> [Work order]: Print exactly the line that contains "This is really, really" along with every line beneath it to the end of the records below, and omit pictures.

> [Records for this task]:
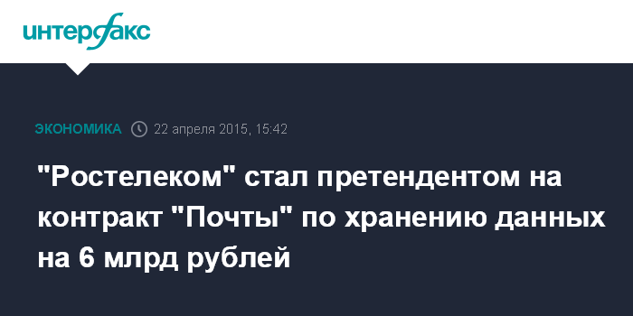 "Ростелеком" стал претендентом на контракт "Почты" по хранению данных на 6 млрд рублей
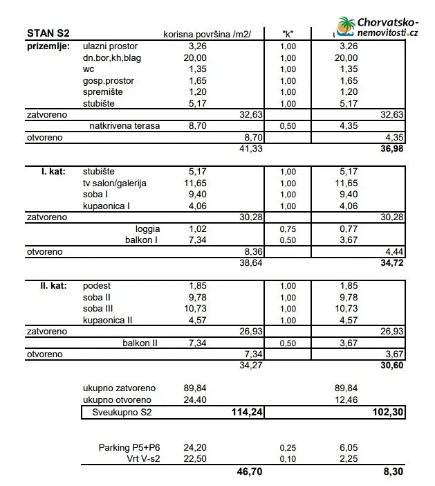 Apartmán/dům má tři podlaží, čtyři pokoje, dvě koupelny, 3 toalety, 3 terasy, zahradu, 2 parkovací stání...
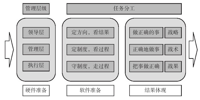 (3)方针是方向,方针是用来凝聚人才的。方向错了,越努力错得越多,损失更大。所以方针比行动重要,选择比努力重要。一个企业成立时就要确定公司的质量方针、经营理念、愿景、价值观,下面的员工做事才有方向,才能不越过公司规定的红线。整个公司的员工齐心协力,企业才能在市场竞争中取胜。有些人很努力,但没什么成绩,第一是方向选择错误,第二是能力不够。公司高层领导一定要把主要时间放在制定战略方针,提升管理理念,树立企业价值观上,不能越俎代庖,有些主管做的事高层领导做了,下面的主管就容易懈怠,所以高层领导一定要清楚自己的职责范围。
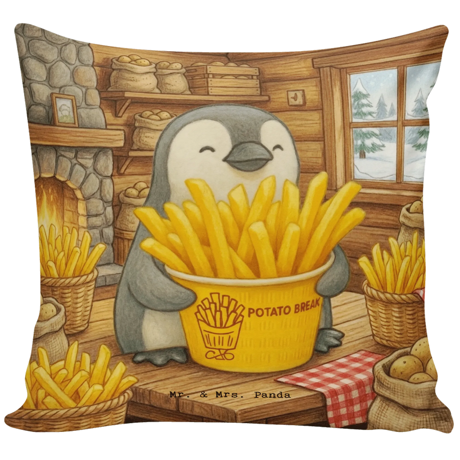 Kuschelkissen 40x40 Pinguin Pommes Eimer Design
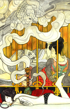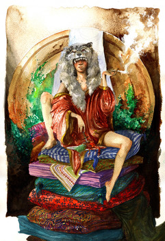 This is really, really stunning. I love the style/texturing you used for the skin, and the Persian rug in the background. The lines in this are also fantastic; everything feels reall fluid.
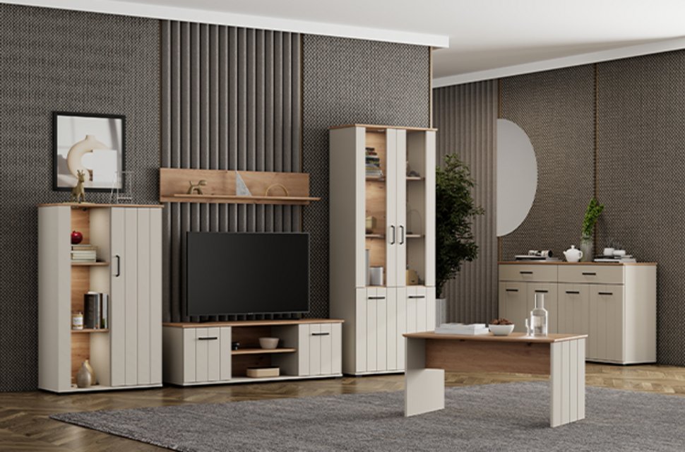 Доминирующее сочетание декора кашемира и декора ремесленного дуба привносит в интерьер теплоту, а специальная отделка в виде рельефных полос, нанесённых на фронты, придаёт рустикальный характер и дополнительно подчёркивает стилистическую выразительность этой системы.
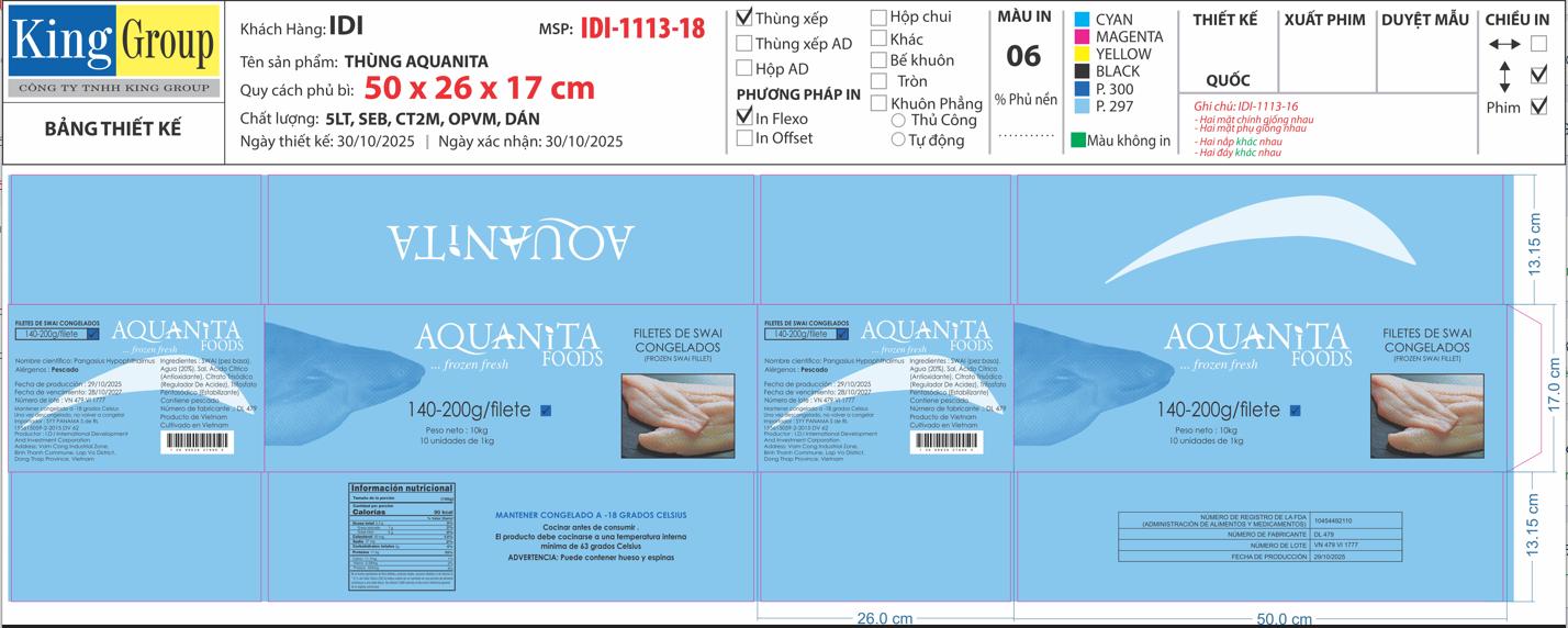 Thùng xếp, giấy trắng 5 lớp, chống thấm 2 mặt, cán OPV, in Flexo, Thùng logo AQUANITA FOOD, NỀN XANH, 1kgx10, net 80%, (5-7oz, 140-200g) MS: 1113-18 KT: 50 x 26 x 17 cm

> [Answer section]:
 This is really, really stunning. I love the style/texturing you used for the skin, and the Persian rug in the background. The lines in this are also fantastic; everything feels reall fluid.
 Доминирующее сочетание декора кашемира и декора ремесленного дуба привносит в интерьер теплоту, а специальная отделка в виде рельефных полос, нанесённых на фронты, придаёт рустикальный характер и дополнительно подчёркивает стилистическую выразительность этой системы.
 Thùng xếp, giấy trắng 5 lớp, chống thấm 2 mặt, cán OPV, in Flexo, Thùng logo AQUANITA FOOD, NỀN XANH, 1kgx10, net 80%, (5-7oz, 140-200g) MS: 1113-18 KT: 50 x 26 x 17 cm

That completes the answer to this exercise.